TLDR
- Crude oil is experiencing its sharpest monthly decline in four years, with Brent falling 19% as diplomatic negotiations between the U.S. and Iran move forward.
- Washington and Tehran have reportedly drafted a 60-day ceasefire extension, though final approval from President Trump is still pending.
- Transit through the critical Strait of Hormuz continues to face severe limitations, though normalization may occur if negotiations succeed.
- America’s distillate inventories have plunged to levels not seen in more than 20 years amid persistent supply constraints.
- Market experts caution that even with a successful agreement, restoring normal oil flows may require several months due to damaged infrastructure and shipping complications.
Crude oil markets are experiencing dramatic declines this month as market participants react to emerging reports of a possible ceasefire extension between Washington and Tehran. Brent crude slipped toward the $92 per barrel mark on Friday, registering approximately a 19% decline throughout May. West Texas Intermediate descended to around $87. Both benchmarks are headed for their most pronounced weekly losses in recent memory.

The downturn follows emerging information suggesting that the United States and Iran have formulated a framework to prolong their current ceasefire arrangement by an additional 60 days.

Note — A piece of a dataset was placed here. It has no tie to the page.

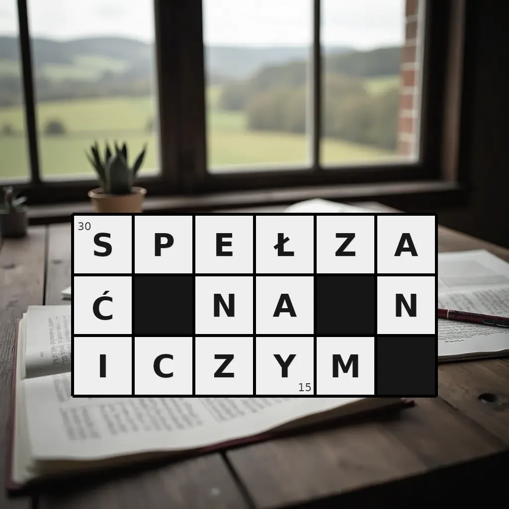 Słowo „spełzać na niczym” ma 15 znaków (bez spacji i łączników).

The proposed agreement remains subject to President Donald Trump’s authorization. Official White House confirmation of specific terms has yet to materialize.
Vice President JD Vance informed media representatives that it remained premature to determine “when or if” an agreement would come to fruition. Treasury Secretary Scott Bessent offered limited commentary, noting merely that “the teams have been going back and forth.”
The Critical Role of the Strait of Hormuz
Central to the current energy disruption is the Strait of Hormuz, a critical chokepoint responsible for transporting a substantial portion of worldwide crude shipments. Following the outbreak of hostilities, functional blockades implemented by both Washington and Tehran have eliminated millions of barrels per day from global supply networks, precipitating an international energy emergency.
Vessel movement through this strategic passage remains significantly diminished compared to pre-conflict volumes. Even an Axios bulletin indicating that maritime traffic would become “unrestricted” pursuant to the potential agreement has failed to generate complete market confidence.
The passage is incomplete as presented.